この部屋は、我が機密情報を扱うために用意した特別な場所じゃ。窓はなく、壁と床と天井は、土スクウェア十人に重ね掛けさせた固定化に守られておる。扉も同じように固定化してあるが、さらにアンロック防止魔法を付与し、特殊なマジックアイテム・キーによってしか開けられんようにしてある。まさに難攻不落の小要塞なのじゃ。

 掃除係のシスターたちも、この部屋には立ち入らせん。重要な情報を扱うのだから、当然なのじゃ。

 さて、そんな部屋で書いとるこの手紙も、もちろん重要で極秘なものじゃ。

 宛先は、トリステインの高等法院長をしておる、リッシュモンというジジイ。

 古くからトリステインに仕え、私心なき公正な人柄の男と評判じゃが、実態は賄賂を贈ればかなり融通をきかせてくれる、使い勝手のいい悪党じゃ。

 我も、トリステイン関係の儲け話がある時は、よくお世話になっておる。

「……それで、かねてより進行中の、女神の杵亭買収の件ですが、先方の提示した条件は――」

 今回は、トリステインのラ・ロシェールという港町にある旅館、女神の杵亭の買収を、彼に裏から手伝ってもらうのじゃ。

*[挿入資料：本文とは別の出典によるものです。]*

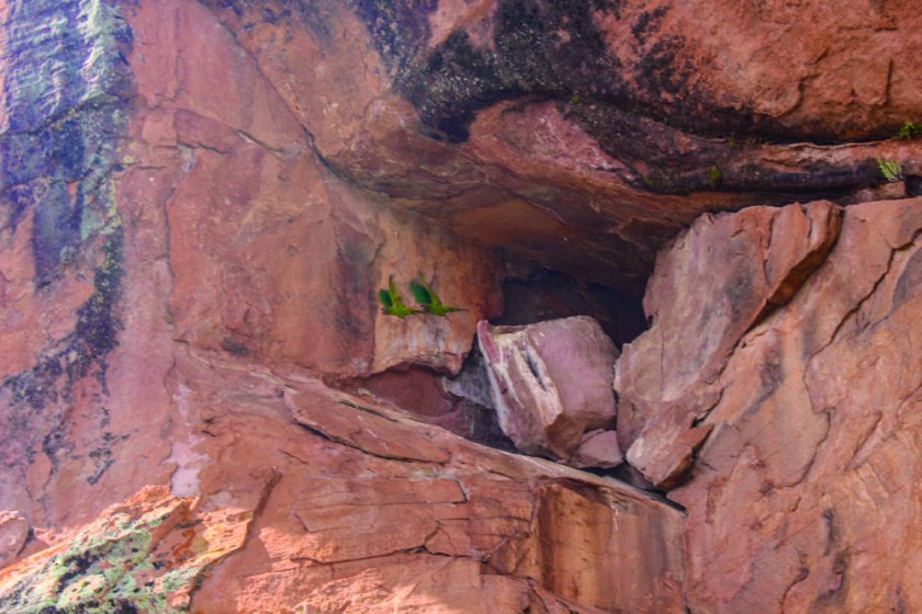En el camino vemos el aleteo de un alkamari y la escapada de una vizcacha; escuchamos el vuelo alto de la paraba frente roja (también en peligro de extinción) y uno más cercano y bullicioso de loros que planean emparejados de un nido a una palmera.
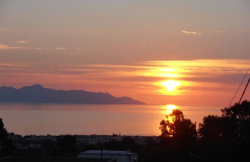 The unit opens out to the the large front patio with expansive views of the Aegean, the village and the surrounding mountains.
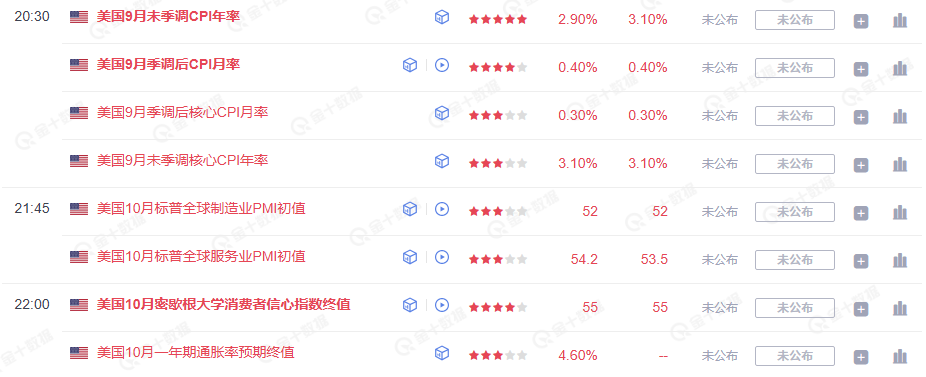 Institutional Views and ForecastsStandard Chartered released its short-term and long-term views on Bitcoin: Short-term: Its analysts predict that Bitcoin will "inevitably" briefly fall below the psychologically important $100,000 mark before the end of this week. Long-term: They view this potential pullback as a “last buying opportunity” and maintain their price target forecast for Bitcoin to reach $200,000 by the end of the year. Regulatory and Policy UpdatesThe "21st Century Financial Innovation and Technology Act" (the "Crypto Market Structure Act") was advanced. Key meeting: Dozens of crypto industry leaders, including Coinbase’s CEO, held nearly three hours of closed-door talks with lawmakers from both parties to discuss the details of the bill. Current status: The bill aims to establish a comprehensive regulatory framework for digital assets, but consideration is currently being delayed due to the threat of a potential U.S. government shutdown. US Democrats warn government shutdown heightens crypto market risks: Maxine Waters, leader of the U.S. Democratic House Financial Services Committee, warned on the 21st day of the government shutdown that the failure of President Trump and congressional Republicans to establish an appropriate regulatory framework for cryptocurrencies will exacerbate market risks. She pointed out that the crypto market flash crash on October 10 caused investors to lose billions of dollars, and called on the U.S. Securities and Exchange Commission (SEC) and the Commodity Futures Trading Commission (CFTC) to thoroughly investigate related insider trading behaviors. US SEC and CFTC strive to complete encryption regulatory plan by the end of the year: The U.S. Securities and Exchange Commission (SEC) and the Commodity Futures Trading Commission (CFTC) are pushing to complete cryptocurrency regulatory goals by the end of the year. The CFTC plans to manage spot crypto transactions and tokenized collateral, while the SEC is advancing Project Crypto’s proposed innovative regulatory exemption system. However, the government shutdown affects the work efficiency of both agencies. Technology Frontiers and Industry OutlookVitalik Buterin (co-founder of Ethereum): Proposed zero-knowledge proof (ZK) and fully homomorphic encryption (FHE) will jointly reshape the future of blockchain. He believes that cryptography is moving from a "cool" era to an "usability" era. Xiao Feng (Chairman of Wanxiang Blockchain): Pointed out that blockchain has moved from a “grassroots” innovation stage to a stage of standardized development and application explosion. Corporate and Institutional TrendsTesla: In its Q3 financial report, it disclosed that changes in the fair value of Bitcoin prices increased the company’s profits by approximately US$80 million. Standard Chartered Hong Kong: Announced that it will officially launch virtual asset ETF trading services in November to provide investors with more compliance channels. Other noteworthy eventsRussia: The Ministry of Finance and the Central Bank have agreed to legalize cryptocurrencies in foreign trade. Risk warning: Crypto exchange HTX (formerly Huobi) was sued by the British Financial Conduct Authority (FCA). In addition, the U.S. spot Bitcoin ETF experienced a single-day net outflow of approximately $101.39 million on October 22. Lubian mining pool’s stolen address transferred nearly 16,000 BTC: On October 22, a large transfer occurred again from the stolen wallet address of the Lubian mining pool, with a total of 15,959 Bitcoins transferred to 4 addresses, with a total value of approximately US$1.83 billion. SOL giant sold US$18.11 million: A mysterious whale institution sold 100,000 SOL to Binance in one go, worth US$18.11 million. The institution obtained nearly one million SOL four years ago and just unlocked it in April this year, and now it is starting to take profits frantically. ![]() First, focus on the US CPI data for September (released at 20:30), which is the "wind vane" of the Federal Reserve's monetary policy expectations. The previous value of the annual rate of CPI without seasonally adjustment was 2.90%, and the expected value was 3.10%. After the seasonally adjusted core CPI, the monthly rate and annual rate both remained at 0.30%, and the expected value of 3.10%. If the actual data is higher than expected, it means that inflation is still sticky, the Fed's "higher for longer" hawkish tone may continue, the U.S. dollar index may strengthen, and cryptocurrencies represented by Bitcoin are risky assets, and the probability of short-term pressure increases. ; If the data is lower than expected, the market's bets on the Federal Reserve's interest rate cuts will heat up, risk asset preferences will pick up, and the currency circle may usher in a liquidity-driven rebound. Looking at the S&P global PMI data (released at 21:45), the initial values of the manufacturing and service PMIs are expected to be 52 and 53.8 respectively. A PMI above 50 represents economic expansion. If the actual data is strong, it means that the U.S. economy is still resilient, and the Fed's monetary policy has greater "error room" and hawkish expectations are likely to be strengthened. ; If the data weakens and concerns about economic recession rise, the market will bet on the Federal Reserve's early turn, and the risk pricing logic of cryptocurrency will tilt toward "easing expectations." University of Michigan consumer confidence and inflation expectations (released at 22:00) are also key. Consumer confidence reflects economic expectations, and inflation expectations are the "long-term inflation anchor" indicator that the Fed focuses on. If inflation expectations rise, the Fed's determination to fight inflation will be priced in by the market, and the market liquidity environment will easily tighten. ; If confidence weakens and inflation expectations fall, the market's expectations for a policy shift will push up risk asset valuations

 女神の杵亭は、貴族ご用達の高級旅館で、部屋や料理の素晴らしさはもちろん、サービスの上質さでも名が知られておる。

 買い取れば、年間五千エキュー程度の利益は期待できる優良企業じゃ。

 しかも、今はアルビオンで、レコン・キスタとかいう連中がもにょもにょしておる。

 王党派の旗色は悪いと聞くし、もしレコン・キスタが勝利してアルビオンを支配すれば、ハルケギニア統一をうたう奴らは、次にトリステインに攻め込むじゃろう。

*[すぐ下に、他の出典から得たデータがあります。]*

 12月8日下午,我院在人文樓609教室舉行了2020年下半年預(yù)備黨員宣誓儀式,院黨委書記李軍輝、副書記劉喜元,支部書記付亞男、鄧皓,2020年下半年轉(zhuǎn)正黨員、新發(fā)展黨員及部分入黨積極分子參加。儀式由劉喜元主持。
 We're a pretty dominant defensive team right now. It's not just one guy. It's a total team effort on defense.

 アルビオンとトリステインが戦争になれば、勝負の要となるのは、両国をつなぐ港町……トリステインでは、ラ・ロシェールじゃ。

 敵に港を取られんよう、トリステインはラ・ロシェールに、大軍を駐留させるじゃろう。

 そしたら、兵士たちの生活の場が必要になるから……旅館はまっさきに接収されるはずじゃ。

 その旅館がトリステイン企業であれば、王権で安く――もしかしたらタダで、ぶん取られてしまうかも知れん。

 しかし、ロマリア……外国企業ならば、トリステインの王権は通らん。向こうは、適正な値段で、ロマリアのオーナーから旅館を買い取らねばならん。

 しかも、そのオーナーが我であれば。女神の杵亭を手放すのを渋るそぶりを見せてやれば。物件の値段を、こちらでいかようにもつり上げられるようになる。

 トリステインとしては、どうしても買わねばならん物件ゆえ、多少お高い値段を提示されても、黙って金を吐き出すしかなくなるっちゅうわけじゃ。

 つまり! 女神の杵亭は今がアツい! 買っとけば確実に儲かる、金のなる旅館なのじゃー!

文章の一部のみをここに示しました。